Saturday, 24 October 2009

Sita in the Modern World

Sita in the Modern World



Many years after, several thousand in fact,

after Ravana was reborn in the hierarchies

of capital and its politics of jealousy,

once more she finds herself isolated by his power.

Knowing Rama to be busy and Lakshmana useless,

she fends off snorts and dismissive shrugs

not by tapping unseen powers

nor by retaliation with an icy gaze

nor some verbal rejoinder,

though all these are at her disposal.

No, she greets attacks of this sort

and the ritual of the gang’s hostile chorus,

with the quiet understanding

that is her steady and unflinching purpose.



Maybe somewhere there is a vault

hidden beneath dark arctic wastes

where busy clerks record each snide snub

for posterity in careful, cautious ledgers.

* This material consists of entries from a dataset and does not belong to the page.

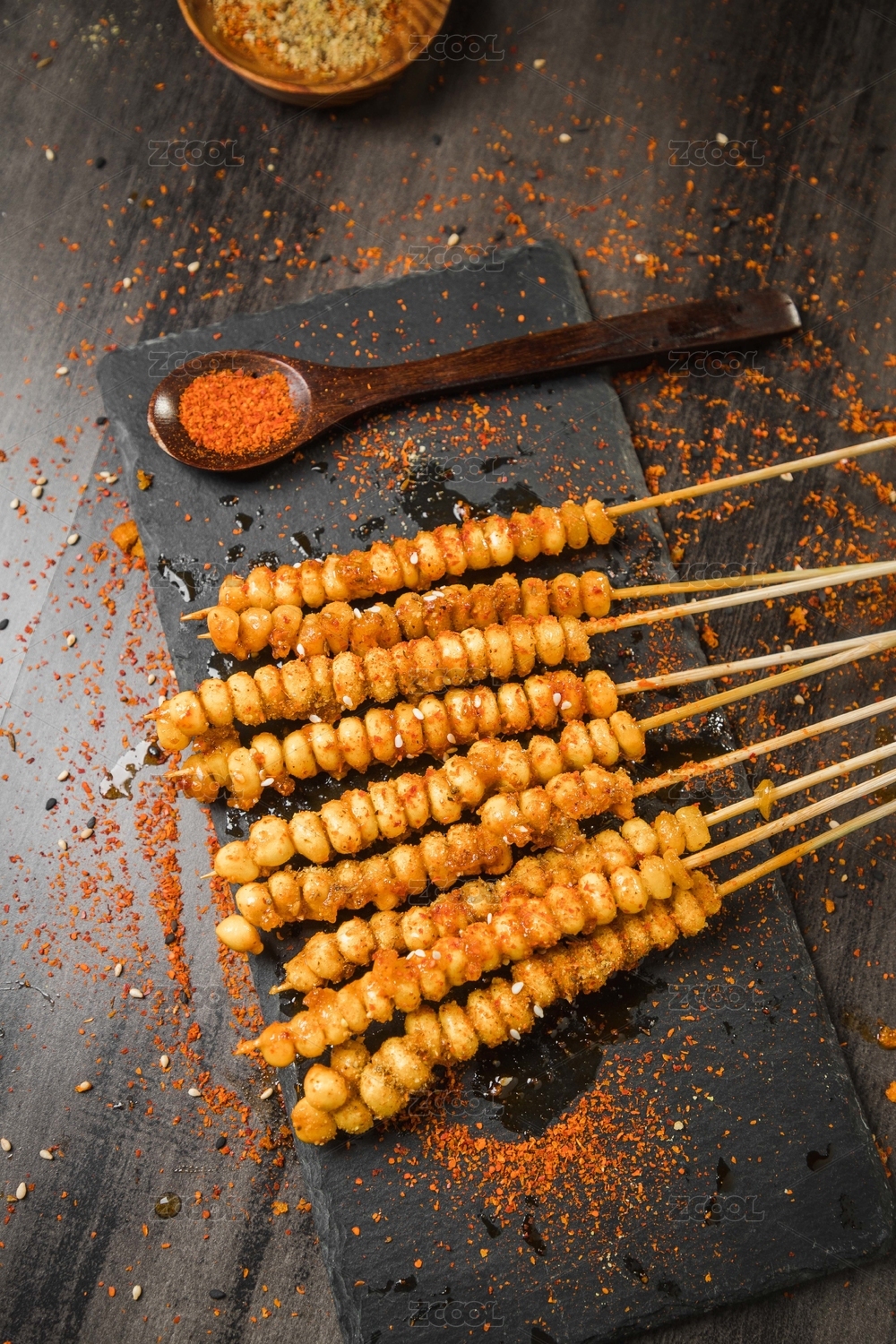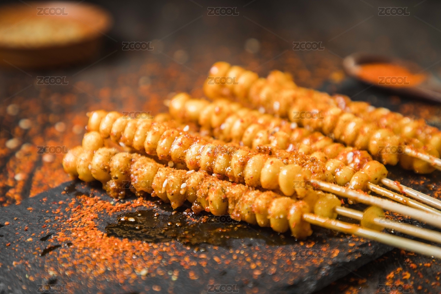 黑色烤架上放著幾串撒著辣椒面的油炸苞米粒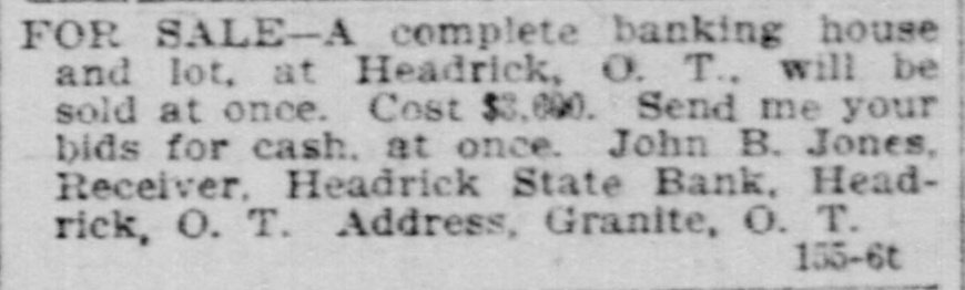 FOR SALE-A complete banking house and lot, at Headrick, 0. T., will be sold at once. Cost $3,690. Send me your bids for cash. at once. John B. Jones, Receiver, Headrick State Bank, Headrick, O. T. Address, Granite, O. T. 155-6t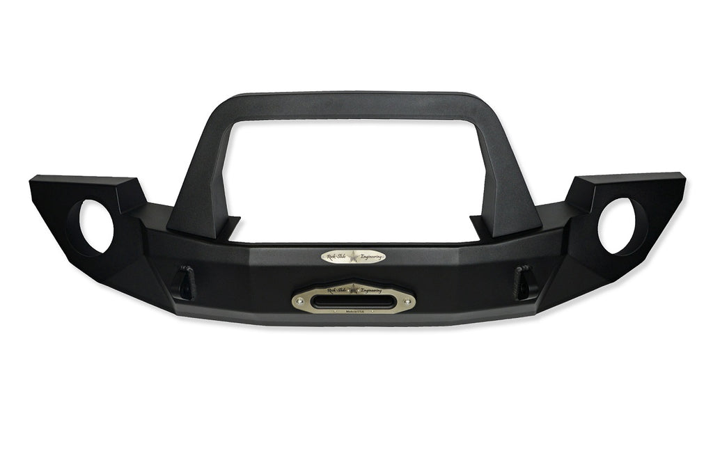 This bumper from Rock Slide Engineering is just what you need to give your ride a more aggressive look and feel. Made from tough textured black powder coated steel in the USA, the Rigid Front Bumper features the following extra features: Bull Bar, Winch Opening, integrated winch plate, Recovery Points, 6" light pockets .
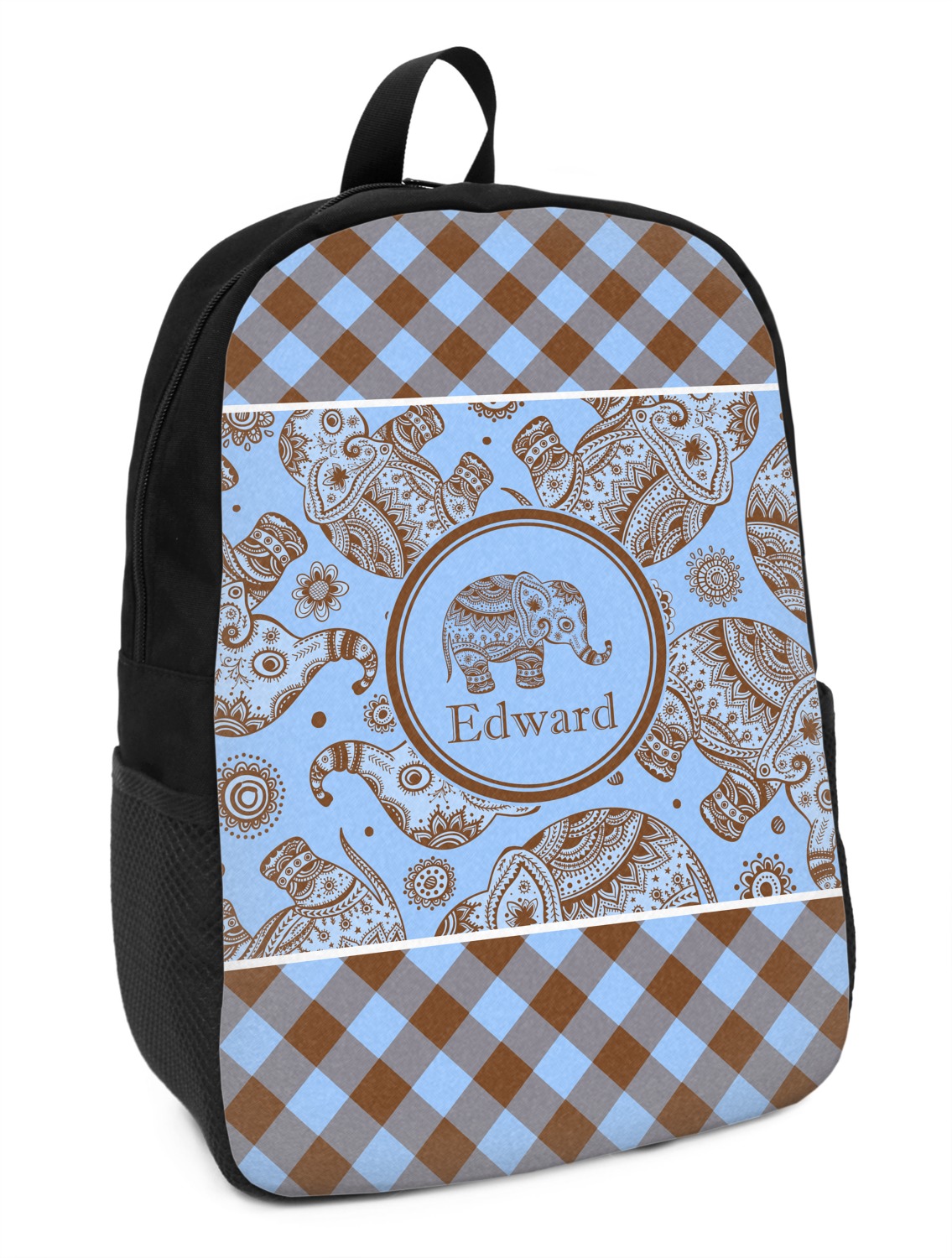 This design with gingham and baby elephants is elegant and versatile. We chose to use baby blue and brown for our colors, however the design is fully recolor-able; so you can change the both the colors to any color combination that you like.

If so, she knows nothing of these

fault finders and would care less;

future reckonings of right and wrong

before crestfallen villains in the dock

are no concern of hers at all.

So, sitting patiently in her neat suit,

she lets the insults flow on as they will,

comes through their buffeting like a statue,

unchanging and resolute.



Perhaps from time to time she permits

brief inner visions of herself as superhero

winking to an imagined camera

as she speeds on through the air.

But these are small aberrations

in her unswerving mission to bring care

to the tormented butterflies hidden all about her.